● WHAT IS EXPECTED
Taking the line with "Keywords: herpetophobia children" as the first and the line with "リヤ・ブレーキ点検・清掃・ブレーキパット残量8.6mm" as the last, set down the lines below exactly, pictures excluded.

● DATA FOR THIS TASK

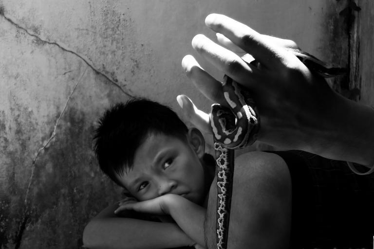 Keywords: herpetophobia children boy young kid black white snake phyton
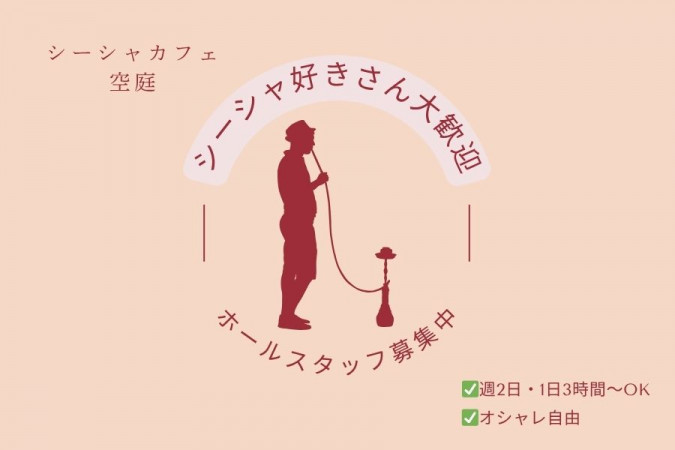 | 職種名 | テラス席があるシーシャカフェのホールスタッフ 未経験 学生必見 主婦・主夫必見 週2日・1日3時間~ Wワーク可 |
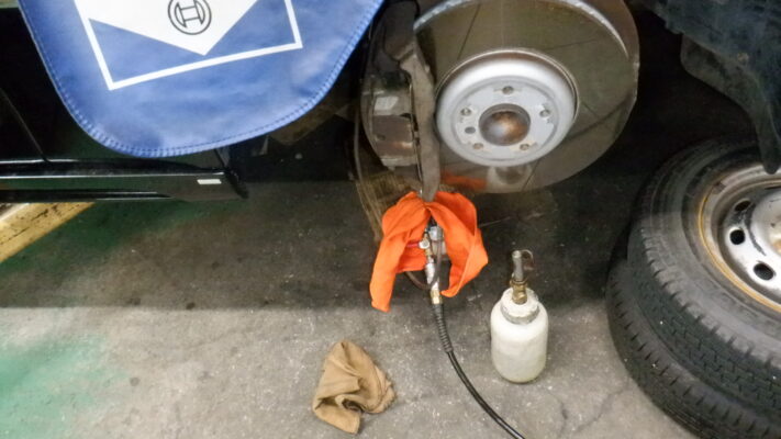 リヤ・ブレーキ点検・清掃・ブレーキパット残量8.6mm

---

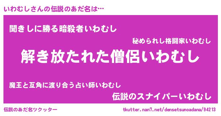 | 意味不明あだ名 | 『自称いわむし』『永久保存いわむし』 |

● ANSWER BOX
 Keywords: herpetophobia children boy young kid black white snake phyton
 | 職種名 | テラス席があるシーシャカフェのホールスタッフ 未経験 学生必見 主婦・主夫必見 週2日・1日3時間~ Wワーク可 |
 リヤ・ブレーキ点検・清掃・ブレーキパット残量8.6mm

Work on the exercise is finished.